Hingga kemudian, Mussolini menyingkirkan Ciano yang ketika itu menjabat menteri luar negeri Italia.

Dilansir dari laman History, pada 6 Februari 1943, Galeazzo Ciano dipecat dari jabatan menteri luar negeri oleh Mussolini sebagai pemimpin kabinet.

Dia kemudian ditunjuk untuk menempati jabatan baru sebagai duta besar untuk Italia di Vatikan.

Ketegangan antara mertua dengan menantu ini terus berlanjut hingga akhirnya Mussolini dijatuhkan.

Baca juga: Hari Ini dalam Sejarah: Benito Mussolini Dirikan Partai Fasis

Jadi jembatan

Galeazzo Ciano lulus dari Universitas Roma dengan gelar sarjana hukum dan kemudian mulai bekerja sebagai jurnalis. Kemudian, ia memulai karier di diplomatik Italia, dengan bekerja sebagai konsul jenderal di China.

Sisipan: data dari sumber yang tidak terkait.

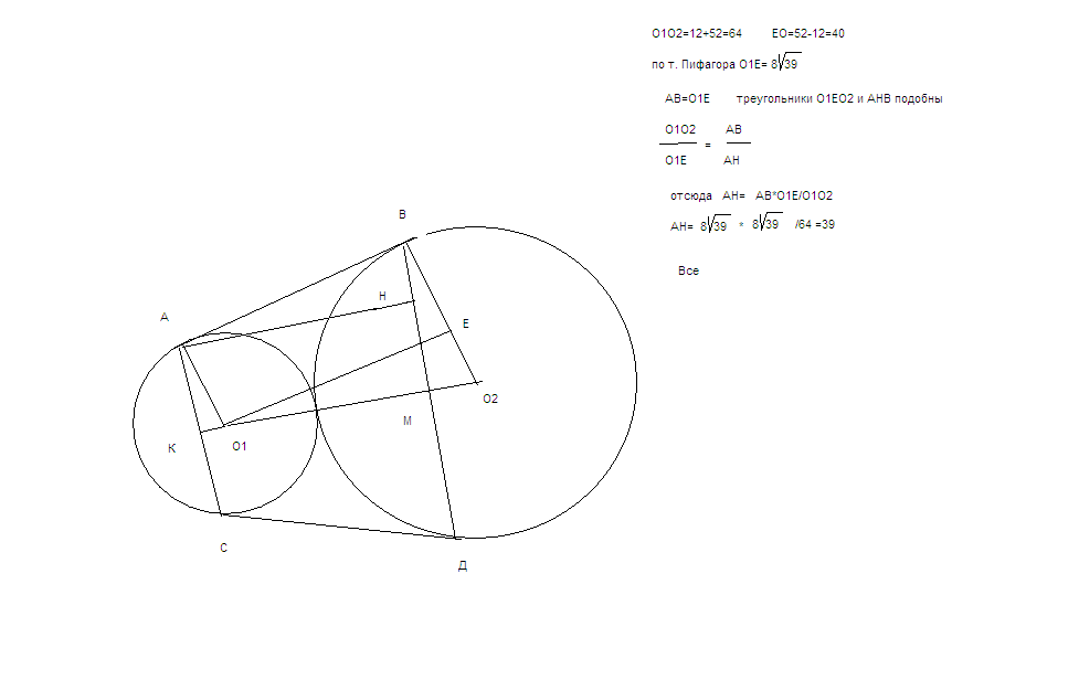 2. Окружности радиусом 12 и 52, касаются внешним образом. Точки a и b лежат на первой окружности. Точки c и d на второй. При этом ac и bd - общие касательные окружности. Найти расстояние между прямыми ab и cd.

Ciano telah menunjukkan kesetiaan kepada Mussolini setelah mengambil alih kekuasaan di Roma pada 1922.

Pada 1930, Ciano bahkan menikahi putri Mussolini yang bernama Edda. Kariernya semakin meningkat, dari kepala biro pers menjadi anggota Dewan Agung Fasis Italia (lingkaran penasihat Mussolini).

Pada 1935, Ciano memberikan arahan untuk mengebom Ethiopia. Sekembalinya ke Roma, dia lalu diangkat menjadi menteri luar negeri.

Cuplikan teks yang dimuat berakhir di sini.